Ninety-five percent of Egypt’s population lives in the Nile River river valley and Nile delta, and the country’s ability to feed itself depends on the Nile. Ethiopia’s construction of the Grand Ethiopian Renaissance Dam, a project four times larger than the Hoover Dam, directly threatens Egypt. Cairo concedes Ethiopia’s turn to hydroelectric power is legal; it just demands Addis Ababa do so in accordance with the principles of customary international law and coordinate water management. Ethiopian Prime Minister Abiy Ahmed could have resolved the dispute with Egypt diplomatically. But, as he did earlier with Kenya and Somalia, he sought a fait accompli.

Egypt’s President Abdel Fattah el-Sisi believes he has leverage over Ethiopia in the Horn of Africa. On January 1, 2024, Ethiopia signed a Memorandum of Understanding with Somaliland: Somaliland would give Ethiopia a long-term lease for a new port that Ethiopia would build near Berbera, and, in exchange, Ethiopia would recognize Somaliland’s independence from Somalia. Somalia, which rejects Somaliland’s autonomy, reacted with outrage. Egypt sides with Somalia.

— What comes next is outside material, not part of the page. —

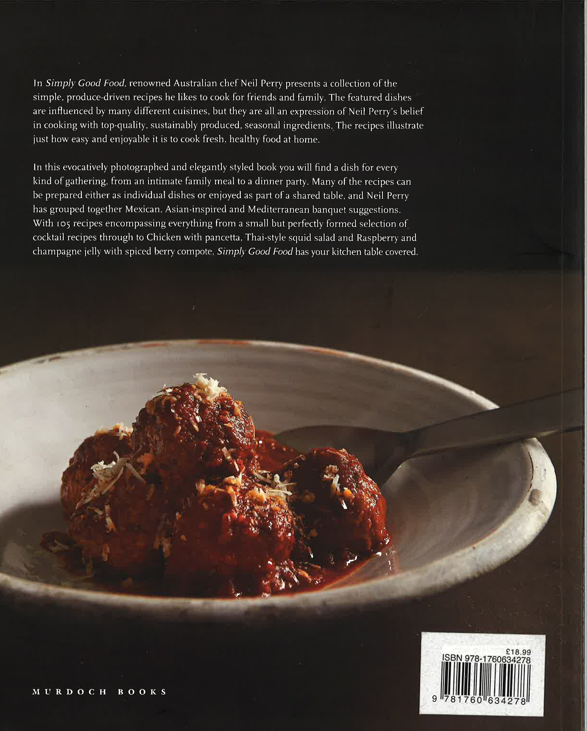 In Simply Good Food, renowned Australian chef Neil Perry presents a collection of the simple, produce-driven recipes he likes to cook for friends and family. The featured dishes are influenced by many different cuisines, but they are all an expression of Neil Perry's belief in cooking with top-quality, sustainably produced, seasonal ingredients. The recipes illustrate just how easy and enjoyable it is to cook fresh, healthy food at home.In this evocatively photographed and elegantly styled book you will find a dish for any kind of gathering, from an intimate family meal to a dinner party. Many of the recipes can be prepared either as individual dishes or enjoyed as part of a shared table, and Neil Perry has grouped together Mexican, Asian-inspired and Mediterranean banquet suggestions. With 105 recipes encompassing everything from a small but perfectly formed selection of cocktail recipes through to chicken with pancetta, Thai-style squid salad and raspberry and champagne jelly with spiced berry compote, Simply Good Food has your kitchen table covered.

Egypt Should Bet on Somaliland, Not Somalia
Even absent international recognition, Somaliland outperforms Somalia. It hosts multibillion-dollar telecom and financial firms and a deep-water port that the World Bank ranks as the top one in sub-Saharan Africa, above Mogadishu, Mombasa, and Lagos, and on par with Piraeus and Oslo in Europe. Shutterstock

Somaliland was once independent. It became a British protectorate almost 150 years ago. In 1960, as decolonization swept Africa, the United Kingdom granted Somaliland independence, a move recognized by 30 states, including all permanent members of the UN Security Council. Five days later, though, Somaliland agreed to join with the former Italian Somaliland to form Somalia.

Ethiopian Prime Minister Abiy Ahmed could have resolved the dispute with Egypt diplomatically, but he instead sought a fait accompli.

Somalis hoped for democracy; what they got was another tin pot dictatorship. Cold War-era dictator Siad Barre ran Somalia into the ground. While he promised modernization, he promoted his own clan’s interests. As a Darood, he reserved special opprobrium for the rival Isaaq clan predominant in Somaliland. His genocidal campaign killed upwards of 100,000 civilians.

Somaliland leaders have argued that since they entered into Somalia voluntarily, they could then exit it the same way. As Somalia crumbled, Somaliland leaders re-declared independence. Somaliland has operated as an independent country since 1991, with its own government, currency, and education system, avoiding the anarchy and even famines that characterized Somalia. Somaliland is the most vibrant democracy in the Horn of Africa; they will again hold elections—their eighth—on November 13, 2024. While the international community has spent billions of dollars trying to sponsor but failing to achieve fair elections in Somalia, Somaliland not only largely self-financed its own polls, but it also became the first country in the world to secure voter registration with biometric iris scans.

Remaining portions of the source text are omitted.